Activation of both B cells and CD4+ T cells.
What happens if the hyphae of the fungi are too large for neutrophils to destroy?
neutrophils can destroy them by secreting proteolytic molecules into microenvironment

- neutrophils attach to fungi to make sure metabolites are within range
What protects the Streptococcus pneumoniae bacteria from phagocytosis? Until when?
The presence of a polysaccharide caspule.

Until B cells are activated and IgG opsonins are produced.
Why is each infection with the Streptococcus Pneumoniae potentially life-threatening?
Since it is T-cell independent, no memory cells are made
→ therefore each infection takes days for IgG antibodes to be made and serve as opsonin
Which virus encodes a viral IL-10-like molecule that inhibits the development of effective anti-viral cytotoxic T cells needed to kill virally infected cells?
Epstein Barr Virus, EBV: causes mononucleosis.
What is the receptor for the CXC chemokine?
Stromal cell-derived factor 1 (SDF-1)
Why is it good that HIV enters through bodily fluids and not directly into a cell?
Because this provides a small window of opportunity for HIV specific B cells to be activated, providing there is sufficient T cell help.
What do the B cells do once HIV is detected? What does this do?
Antibodies are made.

these antibodies can be detected = HIV+.
- these antibodies only fight free viral peptides = not protective anti-viral immunity
How are uninfected CD4+ T cells destroyed by HIV?
- Infected CD4+ T cells interact with viral proteins - form syncytia formation.
- Uninfected cells are fused in the syncytia and both cells are destroyed
What is a useful marker for disease progression in AIDS?
CD4 T cell numbers decline
How long does it take for HIV infection to reach a steady state?
How long does the patient have to live after the steady state is reached?
Steady state – 6 mo
1 year - 15 years
If an air-borne bacteria escapes coughing and alveolar macrophages, how does it get into the lung?
1. It binds to epithelial cells and enters the lungs by transcytosis through the epithelial cells.

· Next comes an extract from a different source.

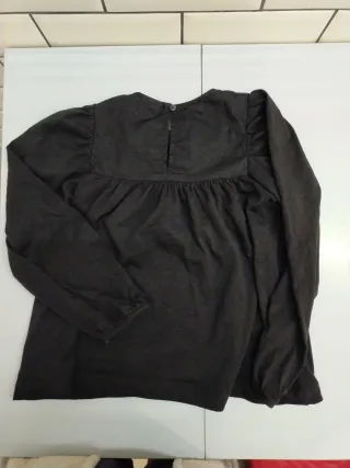 Blusa de manga larga de Zara en color negro con un bonito bordado floral en la parte delantera. - Talla 8-9 años (130 cm). - Manga larga abullonada con puño elástico. - Cuello redondo. - Detalle de bordado floral blanco en el pecho.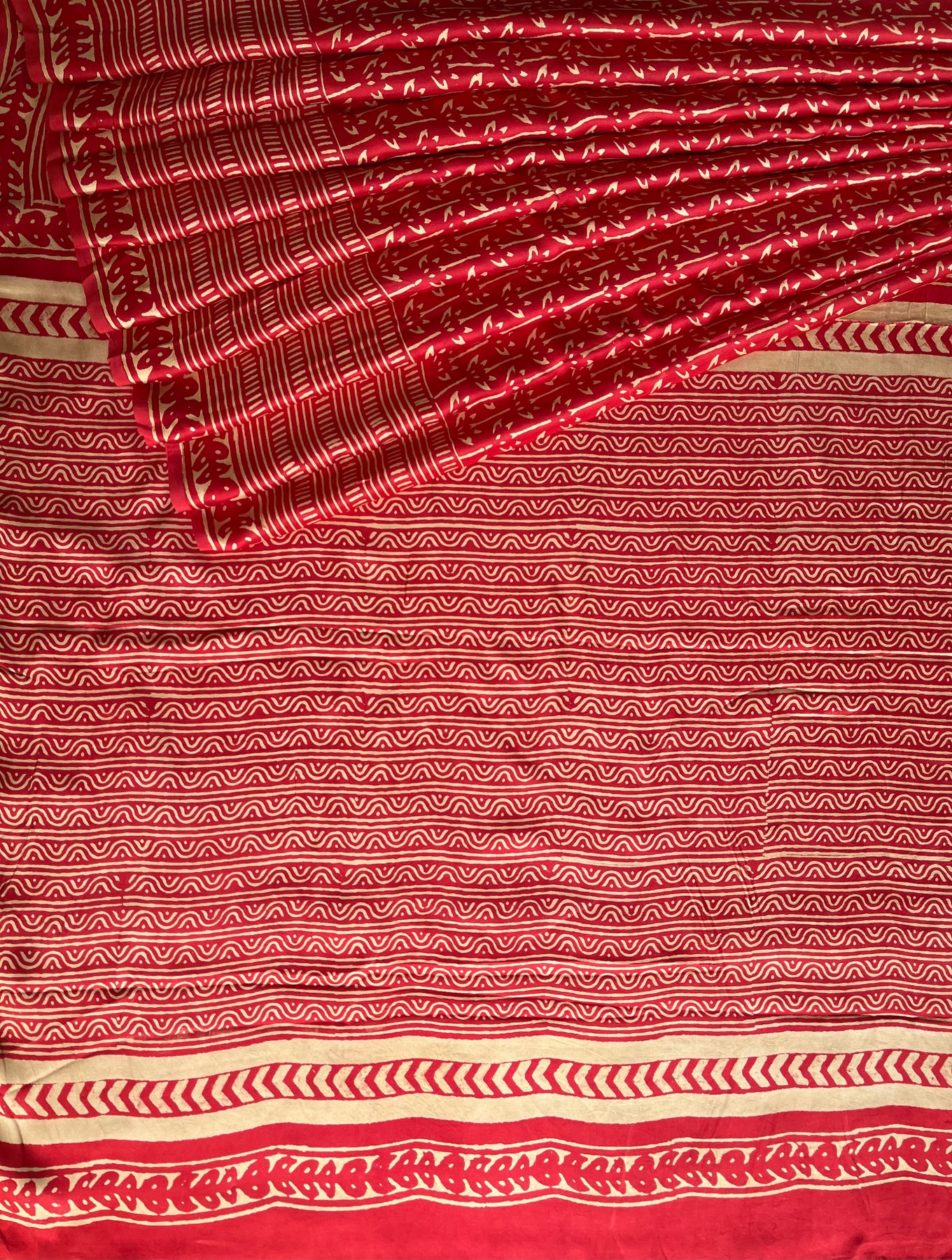 NEELAM: HANDBLOCK BAGRU PRINTED ICE BLUE MODAL SILK SAREE

2. Or it may enter inside a macrophage (“trojan horse”) as the macrophage enters.
How is tuberculosis tested for?
purified protein derivative (PPD) from Mycobacterium tuberculosis (skin test)

- Cutaneous reaction develops from reactivation of memory CD4+T cells at site of infection

- referred to as the delayed-type-hypersensitivity (DTH) reaction or the Mantoux reaction.
How do food borne/oral-fecal intracellular bacteria get in?
1. They can get in by binding to M cells.

2. M cells are interspersed between epithelial cells and don’t have a protective mucous covering.
They pass through M cells in vesicles and go to the lamina propia where they can be phagocytosed.

3. They can also go to the mesenteric lymph nodes if they leave the lamina propra. IF they resist degradation by macrophages, they can proliferate in them.
Where is Candida albicans found primarily?
In the oral cavity and female genital tract.
- bind to glycoproteins in secretions of mucus membranes on epithelial surface
How might Candida albicans get to the basement membrane and below?
By forming budding protrusions termed “hyphae”.